Deception and Abuse at the Fed: Henry B. Gonzalez Battles Alan Greenspan's Bank is a newly released book from the University of Texas Press by Robert Auerbach, Professor of Public Affairs at the Lyndon Baines Johnson School of Public Affairs, The University of Texas at Austin. He served for eleven years as economist for the United States House of Representatives Committee on Banking and Financial Services (renamed the "Financial Services" Committee) assisting chairman/ranking member Henry B. Gonzalez carrying out oversight functions of the nation's central bank led by Alan Greenspan.
The Federal Reserve-the central bank of the United States-is the most powerful peacetime bureaucracy in the federal government. Under the chairmanship of Alan Greenspan (1987-2006), the Fed achieved near mythical status for its part in managing the economy, and Greenspan was lauded as a genius. Few seemed to notice or care that Fed officials operated secretly with almost no individual accountability. There was a courageous exception to this lack of oversight: Henry B. Gonzalez (D-TX)-chairman of the U.S. House of Representatives Financial Services (banking) Committee.
In Deception and Abuse at the Fed, Robert Auerbach, a former banking committee investigator, reveals major instances of Fed mismanagement and abuse of power that were exposed by Rep. Gonzalez, including:
- Blocking Congress and the public from holding powerful Fed officials accountable by falsely declaring-for 17 years-it had no transcripts of its meetings;
- Manipulating the stock and bond markets in 1994 under cover of a preemptive strike against inflation;
- Allowing $5.5 billion to be sent to Saddam Hussein from a small Atlanta branch of a foreign bank-the result of faulty bank examination practices by the Fed;
- Stonewalling Congressional investigations and misleading the Washington Post about the $6,300 found on the Watergate burglars.
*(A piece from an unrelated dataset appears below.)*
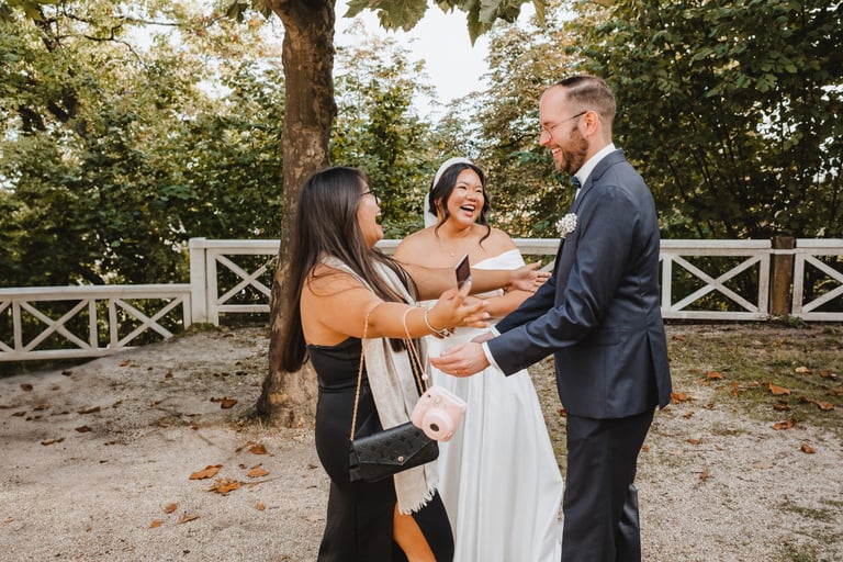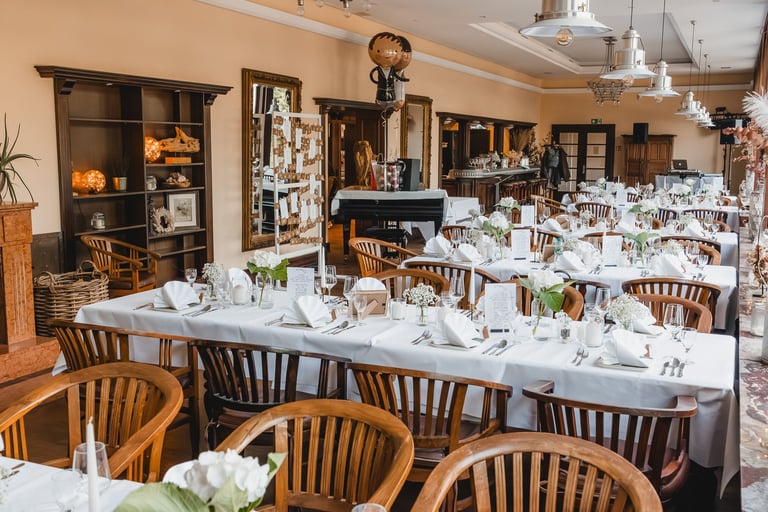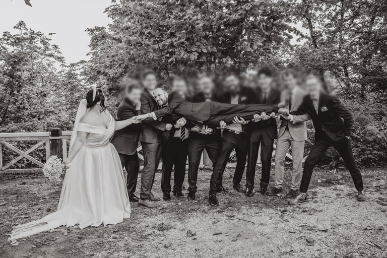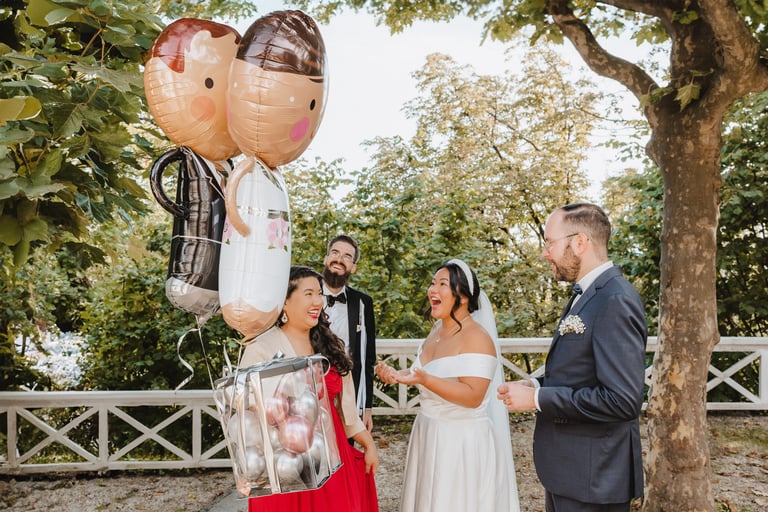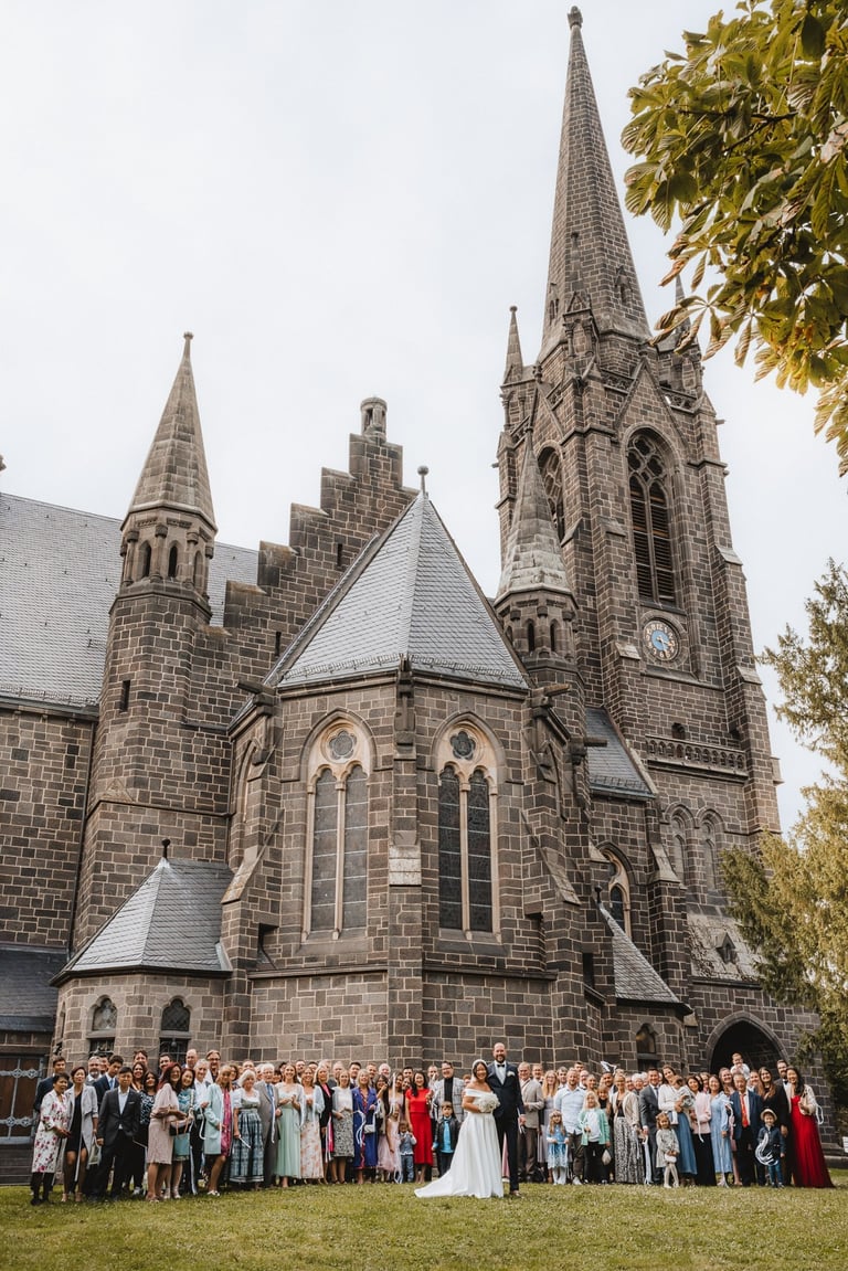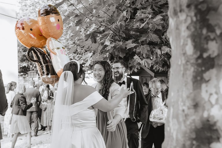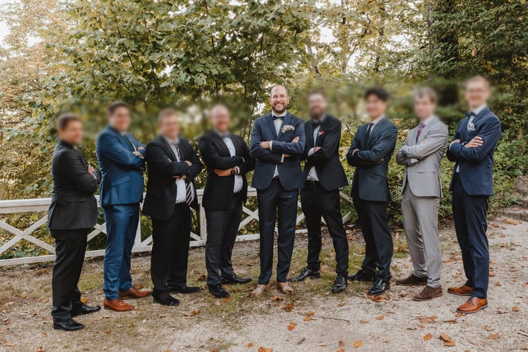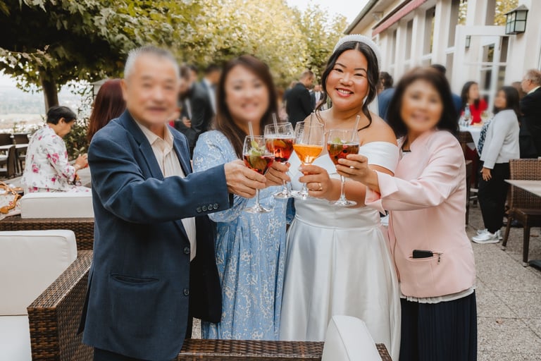 Nach der Trauung ging es für die Hochzeitsgesellschaft weiter auf den Johannisberg in Bad Nauheim, wo im Restaurant Johannisberg die Feierlichkeiten mit einem atemberaubenden Blick auf die Stadt begannen. Bei Gruppenfotos mit den Gästen, köstlichem Essen und ausgelassener Stimmung wurde der Tag gebührend gefeiert. Der Johannisberg bietet nicht nur eine spektakuläre Aussicht, sondern auch die perfekte Location für eine stilvolle Hochzeitsfeier.

Auerbach provides documentation of these and other serious abuses at the Fed, that confirms Rep. Gonzalez's belief that no government agency should be allowed to operate with the secrecy and independence in which the Federal Reserve has shrouded itself. Auerbach concludes with recommendations for specific, broad-ranging reforms that will make the Fed accountable to the government and the people of the United States.
Robert Auerbach was an economist with the House banking committee during the tenure of four Federal Reserve Chairmen: Arthur Burns, William Miller, Paul Volcker, and Alan Greenspan. Auerbach also served as an economist in the U.S. Treasury's Office of Domestic Monetary Affairs during the first year of the Ronald Reagan administration and as a financial economist with the U.S. Federal Reserve System. Auerbach has been a professor of economics at the American University in Washington, D.C. (1976-83), and a professor of economics and finance at the University of California-Riverside (1983-93). He has written numerous articles, and two textbooks in banking and financial markets. He received two Masters degrees in economics, one from the University of Chicago and one from Roosevelt University, where he studied under Abba Lerner, and a Ph.D. in economics from the University of Chicago, where he studied under Milton Friedman.
Ph.D. in Economics, University of Chicago; M.A. in Economics, University of Chicago; M.A. in Economics, Roosevelt University
Professor of Public Affairs, LBJ School of Public Affairs, The University of Texas at Austin
Economist, House Banking Committee during the tenure of four Federal Reserve Chairmen (Arthur Burns, William Miller, Paul Volcker, and Alan Greenspan); Economist, U.S. Treasury's Office of Domestic Monetary Affairs (1981); Financial Economist, U.S. Federal Reserve System; Professor of Economics, American University (1976-83), Professor of Economics and Finance, University of California-Riverside (1983-93)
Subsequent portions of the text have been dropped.